Data excerpt:
-=-=-

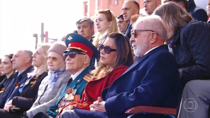 Vladimir Putin, ao centro, com o presidente da China, Xi Jinping à sua esquerda; Emomali Rakhmon, presidente do Tajiquistão à sua direita; e Sassou Nguesso, presidente da República do Congo, às suas costas — Foto: Yuri Kochetkov/Pool Photo via AP
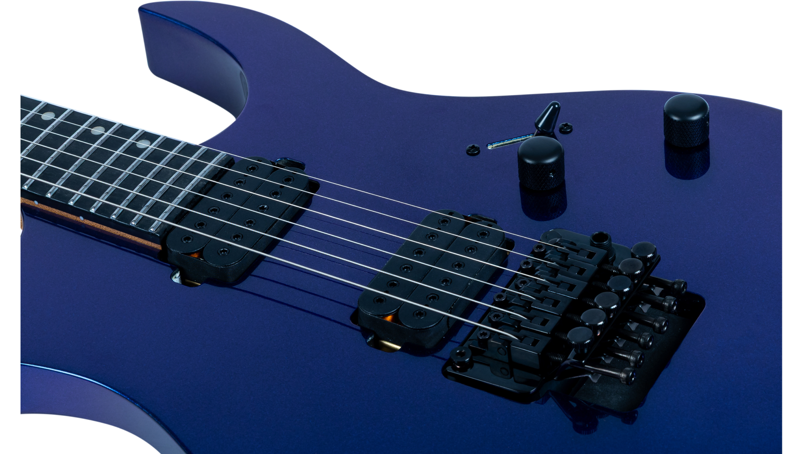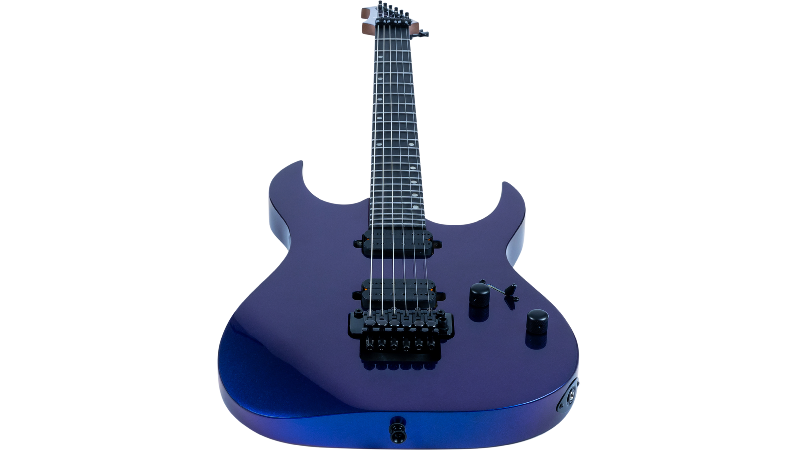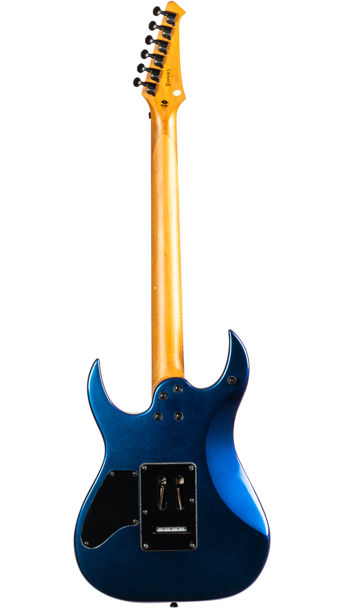The Spira Guitars S-420 is a modern double-cutaway electric built for high-performance rock and metal. Its roasted poplar body is paired with a satin Canadian roasted maple neck and Ebony Tech fretboard for fast, stable playability. The 24 jumbo frets and 14″ radius make for smooth bends and effortless shredding, while the locking tremolo bridge offers tuning stability under aggressive vibrato techniques. Spira’s custom Villain humbuckers with 12k ceramic output deliver high-gain clarity and punch, perfect for heavy riffs and soaring leads. Finished in gloss Chameleon with sleek black hardware, the S-420 balances style with serious performance.
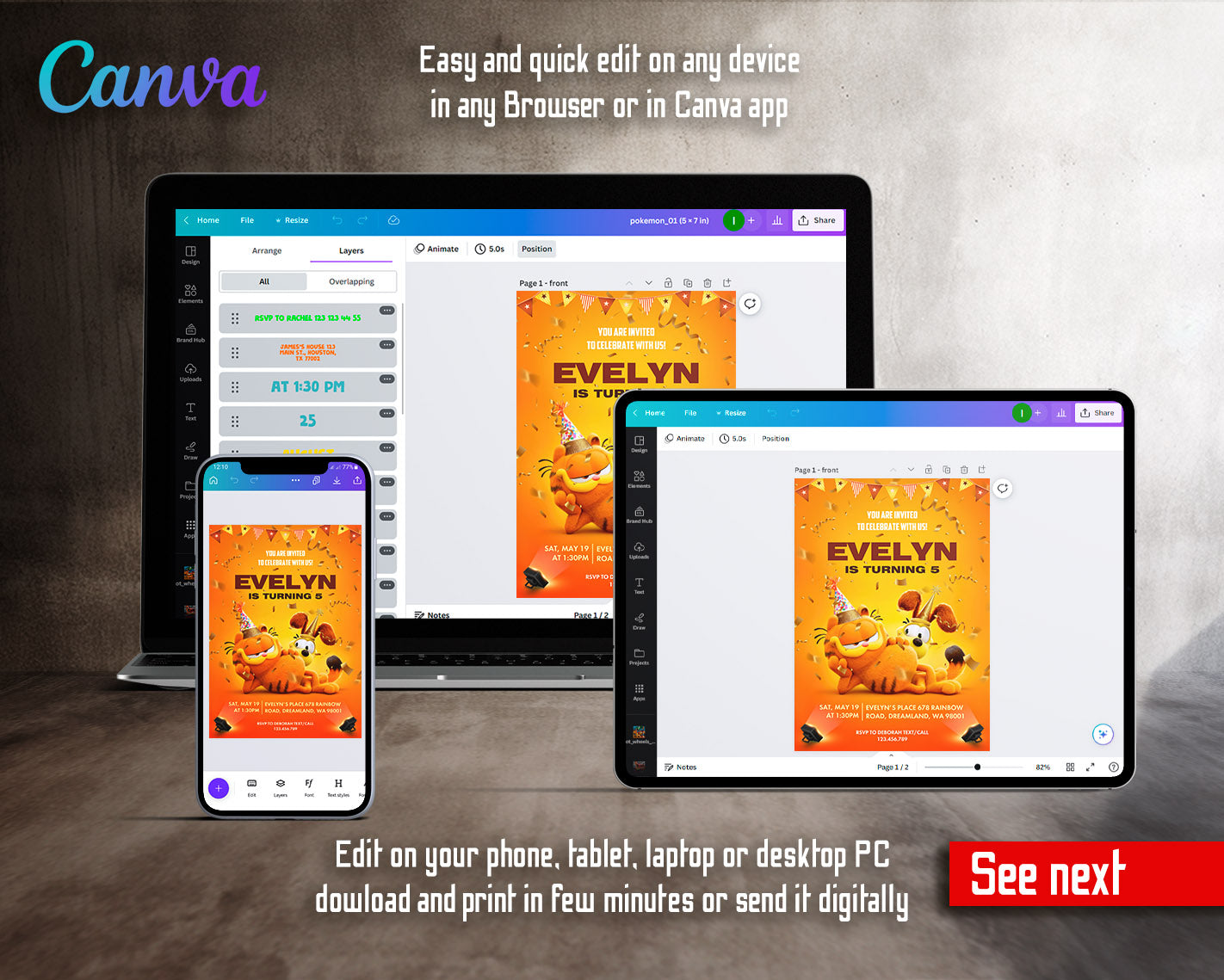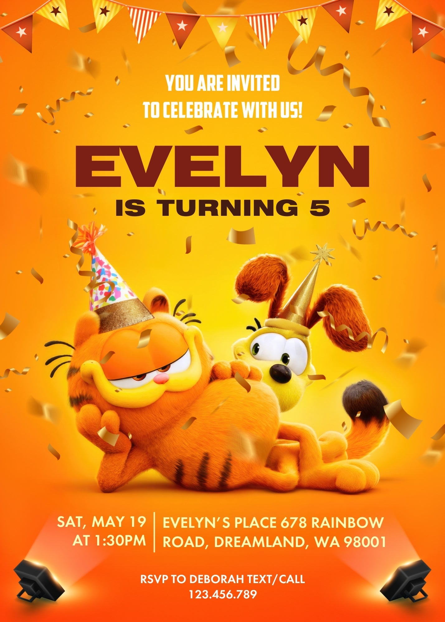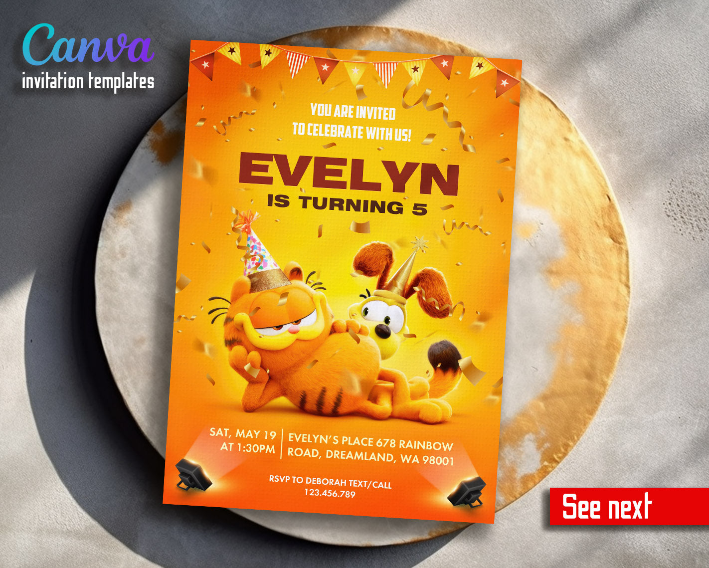 Related Tags: Garfield birthday, Garfield invite, Garfield invitation, movie party, boy girl birthday, orange cat invite, Garfield party, invitation, 1st 2nd 3rd bday, editable invitation, birthday invitation, printable invitation, invite template

-=-=-

Directions for this task:
Repeat the data exactly, without the pictures.

Result of the task:
 Vladimir Putin, ao centro, com o presidente da China, Xi Jinping à sua esquerda; Emomali Rakhmon, presidente do Tajiquistão à sua direita; e Sassou Nguesso, presidente da República do Congo, às suas costas — Foto: Yuri Kochetkov/Pool Photo via AP
The Spira Guitars S-420 is a modern double-cutaway electric built for high-performance rock and metal. Its roasted poplar body is paired with a satin Canadian roasted maple neck and Ebony Tech fretboard for fast, stable playability. The 24 jumbo frets and 14″ radius make for smooth bends and effortless shredding, while the locking tremolo bridge offers tuning stability under aggressive vibrato techniques. Spira’s custom Villain humbuckers with 12k ceramic output deliver high-gain clarity and punch, perfect for heavy riffs and soaring leads. Finished in gloss Chameleon with sleek black hardware, the S-420 balances style with serious performance.
 Related Tags: Garfield birthday, Garfield invite, Garfield invitation, movie party, boy girl birthday, orange cat invite, Garfield party, invitation, 1st 2nd 3rd bday, editable invitation, birthday invitation, printable invitation, invite template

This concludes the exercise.